_Activity:_ Could you copy exactly the lines below, beginning at the line with "Wood Trick Luminous" and stopping after the line with "工圖網(wǎng)提供國企干", with no pictures?

┌─ Study material

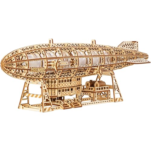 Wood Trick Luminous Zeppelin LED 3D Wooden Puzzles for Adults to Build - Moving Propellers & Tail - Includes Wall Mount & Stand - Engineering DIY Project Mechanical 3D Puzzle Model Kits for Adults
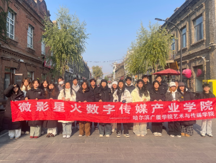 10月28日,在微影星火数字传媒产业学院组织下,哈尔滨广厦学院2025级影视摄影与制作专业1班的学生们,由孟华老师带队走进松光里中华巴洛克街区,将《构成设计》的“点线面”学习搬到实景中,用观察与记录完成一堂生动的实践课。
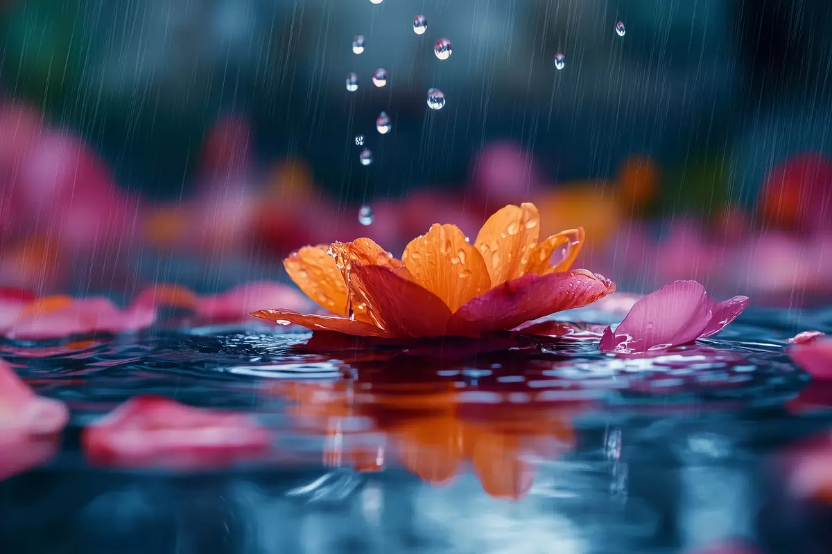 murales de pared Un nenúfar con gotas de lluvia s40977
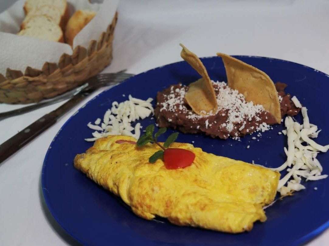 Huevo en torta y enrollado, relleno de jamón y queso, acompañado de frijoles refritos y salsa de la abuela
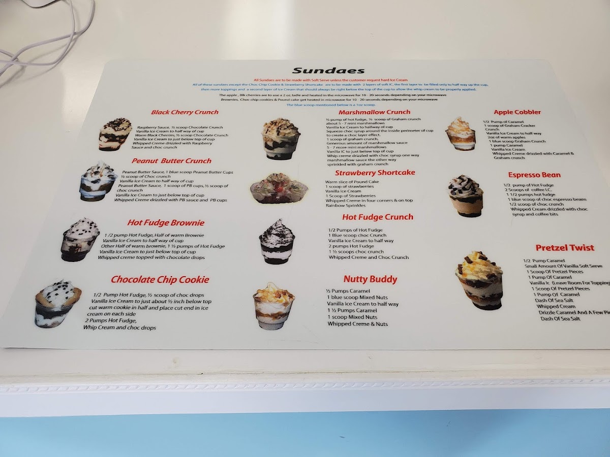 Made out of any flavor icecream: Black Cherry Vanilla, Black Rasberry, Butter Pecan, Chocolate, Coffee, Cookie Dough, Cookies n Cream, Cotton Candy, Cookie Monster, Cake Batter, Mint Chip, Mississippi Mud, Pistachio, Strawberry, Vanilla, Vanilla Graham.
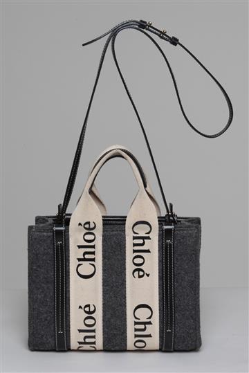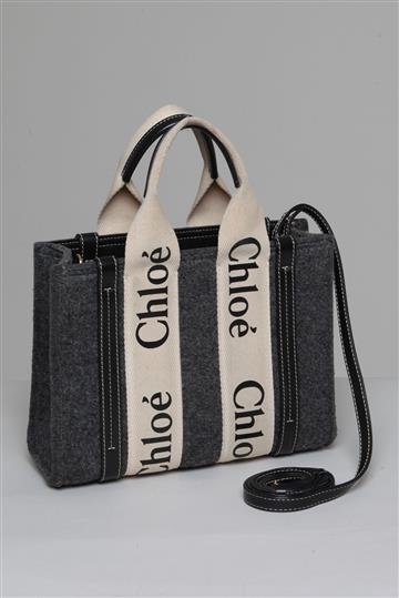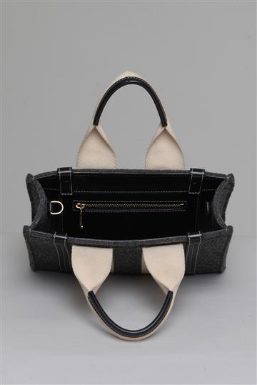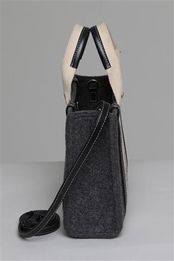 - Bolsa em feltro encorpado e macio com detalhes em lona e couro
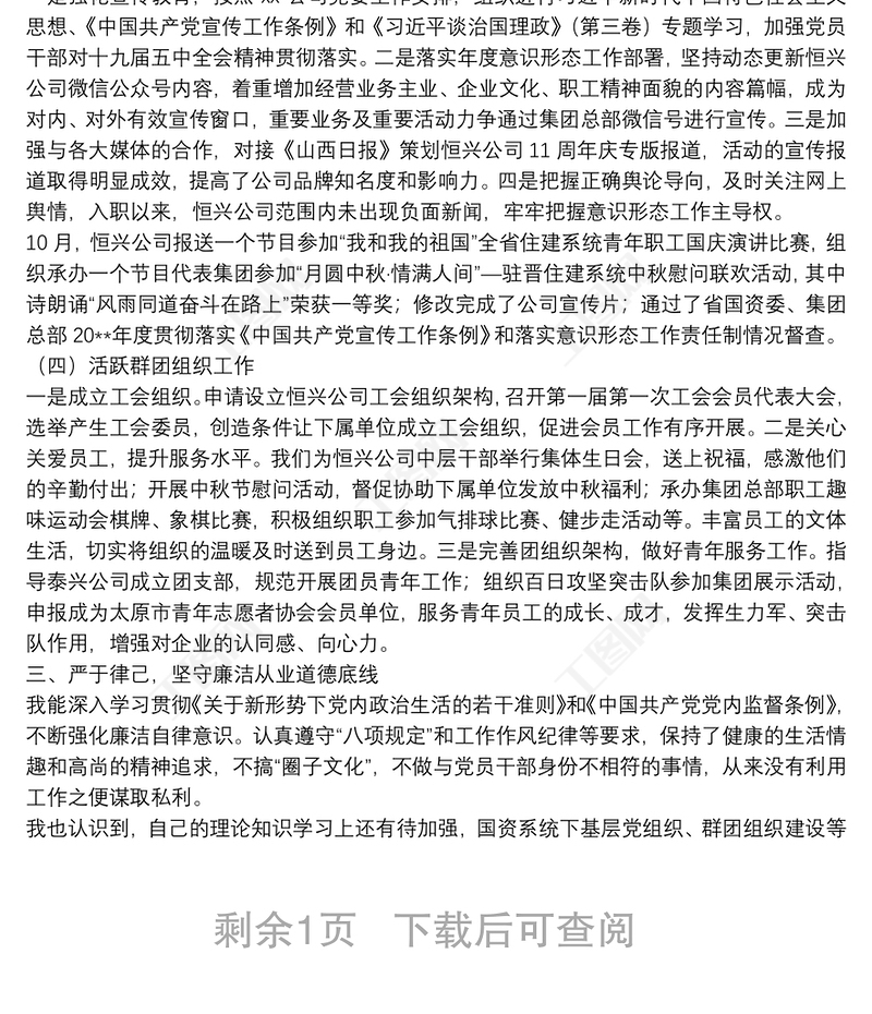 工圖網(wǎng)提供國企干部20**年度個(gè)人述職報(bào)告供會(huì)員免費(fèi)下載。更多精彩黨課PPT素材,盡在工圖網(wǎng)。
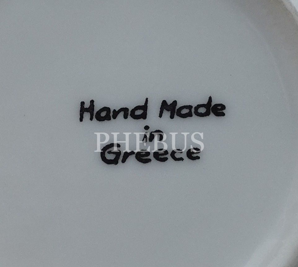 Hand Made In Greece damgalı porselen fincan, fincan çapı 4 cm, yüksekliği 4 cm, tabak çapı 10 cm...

└─
┌─ Study material

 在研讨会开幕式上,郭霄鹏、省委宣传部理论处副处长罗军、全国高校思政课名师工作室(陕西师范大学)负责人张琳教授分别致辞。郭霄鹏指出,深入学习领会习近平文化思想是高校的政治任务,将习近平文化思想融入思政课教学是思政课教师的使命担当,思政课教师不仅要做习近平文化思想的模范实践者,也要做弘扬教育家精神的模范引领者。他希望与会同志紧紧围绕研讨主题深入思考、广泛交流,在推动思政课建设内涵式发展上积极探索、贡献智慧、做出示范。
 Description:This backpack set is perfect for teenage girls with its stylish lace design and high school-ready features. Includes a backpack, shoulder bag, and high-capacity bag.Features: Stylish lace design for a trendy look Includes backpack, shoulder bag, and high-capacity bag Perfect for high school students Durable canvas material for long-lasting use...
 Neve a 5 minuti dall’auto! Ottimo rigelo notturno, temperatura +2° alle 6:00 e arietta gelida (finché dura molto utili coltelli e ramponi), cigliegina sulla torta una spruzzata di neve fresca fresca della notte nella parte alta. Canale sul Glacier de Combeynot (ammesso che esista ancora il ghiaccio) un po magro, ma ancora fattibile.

└─
┌─ Study material

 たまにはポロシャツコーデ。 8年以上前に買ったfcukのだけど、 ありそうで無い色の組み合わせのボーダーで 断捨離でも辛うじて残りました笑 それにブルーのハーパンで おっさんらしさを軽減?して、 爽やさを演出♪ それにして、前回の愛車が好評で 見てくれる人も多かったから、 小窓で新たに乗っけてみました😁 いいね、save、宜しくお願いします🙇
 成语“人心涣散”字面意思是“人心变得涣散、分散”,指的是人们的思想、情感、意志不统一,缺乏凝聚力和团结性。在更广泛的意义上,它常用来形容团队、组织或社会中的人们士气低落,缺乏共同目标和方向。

└─

_Problem solution:_
 Wood Trick Luminous Zeppelin LED 3D Wooden Puzzles for Adults to Build - Moving Propellers & Tail - Includes Wall Mount & Stand - Engineering DIY Project Mechanical 3D Puzzle Model Kits for Adults
 10月28日,在微影星火数字传媒产业学院组织下,哈尔滨广厦学院2025级影视摄影与制作专业1班的学生们,由孟华老师带队走进松光里中华巴洛克街区,将《构成设计》的“点线面”学习搬到实景中,用观察与记录完成一堂生动的实践课。
 murales de pared Un nenúfar con gotas de lluvia s40977
 Huevo en torta y enrollado, relleno de jamón y queso, acompañado de frijoles refritos y salsa de la abuela
 Made out of any flavor icecream: Black Cherry Vanilla, Black Rasberry, Butter Pecan, Chocolate, Coffee, Cookie Dough, Cookies n Cream, Cotton Candy, Cookie Monster, Cake Batter, Mint Chip, Mississippi Mud, Pistachio, Strawberry, Vanilla, Vanilla Graham.
 - Bolsa em feltro encorpado e macio com detalhes em lona e couro
 工圖網(wǎng)提供國企干部20**年度個(gè)人述職報(bào)告供會(huì)員免費(fèi)下載。更多精彩黨課PPT素材,盡在工圖網(wǎng)。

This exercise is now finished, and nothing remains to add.